Quarterly R&D habits that make claim season painless

Build simple quarterly R&D habits to turn claim season from a frantic scramble into a calm, audit-ready process. Practical steps for Australian businesses to

TGThe GrantsMAX Team
10 minutes read

Many Australian businesses view the R&D Tax Incentive claim season as a once-a-year fire drill. The deadline approaches, and teams scramble through emails, timesheets and spreadsheets trying to reconstruct what they did, why it counts as eligible R&D, and how much it cost. The result is stress, weak substantiation, and a higher chance of the claim being questioned by the ATO and AusIndustry. There is a better way: a handful of simple quarterly habits that spread the work across the year and make the claim season virtually painless. By building a rhythm of regular documentation, review and cost tracking, you can produce an evidence-backed application that your registered tax agent can review and lodge with confidence, and you’ll be far better placed if your records are ever examined. This guide sets out the recurring habits that R&D-active Australian businesses, from software startups to manufacturers, can adopt right now to make their next R&D claim season smooth and audit-ready.

At GrantsMAX, we connect to your existing accounting data via secure, read-only connectors, then discover which government grants and R&D tax incentives your business may be eligible for and prepare the evidence-backed pack. Your registered tax agent reviews and lodges; you own the claim. Our approach is designed to work with the quarterly discipline we describe here. If your books live in Xero, MYOB, or QuickBooks, you are already most of the way to a grant application. GrantsMAX for SMBs on cloud accounting shows how we read that data, read-only, and prepare the pack.

Prerequisites: What you need before you start

Before you start building quarterly habits, make sure you have a few essentials in place. First, you need a clear understanding of what the R&D Tax Incentive covers.

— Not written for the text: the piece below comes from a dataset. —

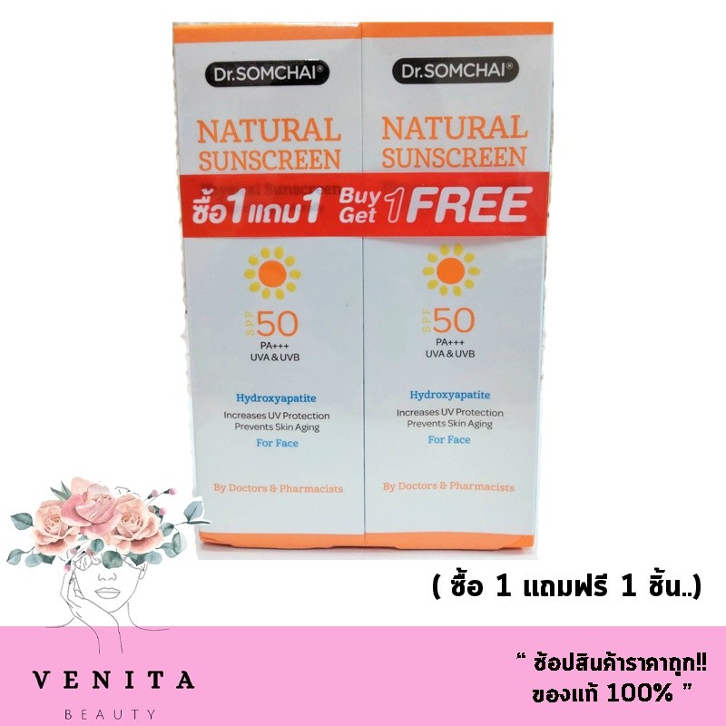 ( ซื้อ 1 แถมฟรี 1 ชิ้น) Dr.Somchai Natural Sunscreen ครีมกันแดด ดร.สมชาย เนอเชอรัล ซันสกรีน SPF50 (20g.) มี 2 สีผิว

Under the program, jointly administered by the ATO and AusIndustry (Department of Industry, Science and Resources), you can claim an offset for eligible R&D activities, broadly, systematic, experimental work aimed at generating new knowledge or resolving technical uncertainty. The activities fall into “core” R&D (the experiments themselves) and “supporting” R&D (activities directly related to the core, such as maintaining test equipment). The ATO’s guidance at ato.gov.au and AusIndustry’s material on business.gov.au are your starting point. Second, you need a registered tax agent who is experienced with R&D claims. The agent is the one who reviews your evidence, advises on eligibility, and lodges the claim. Third, commit to running your business on cloud accounting software like Xero, MYOB or QuickBooks, because that makes cost tracking and documentation far easier. GrantsMAX's integrations connect to these platforms and more via read-only MCP, so your data stays safe. Fourth, adopt a simple documentation system, it can be a shared folder in Google Drive or SharePoint, or a collaboration tool, and stick to it. With those pieces in place, the quarterly habits become almost effortless.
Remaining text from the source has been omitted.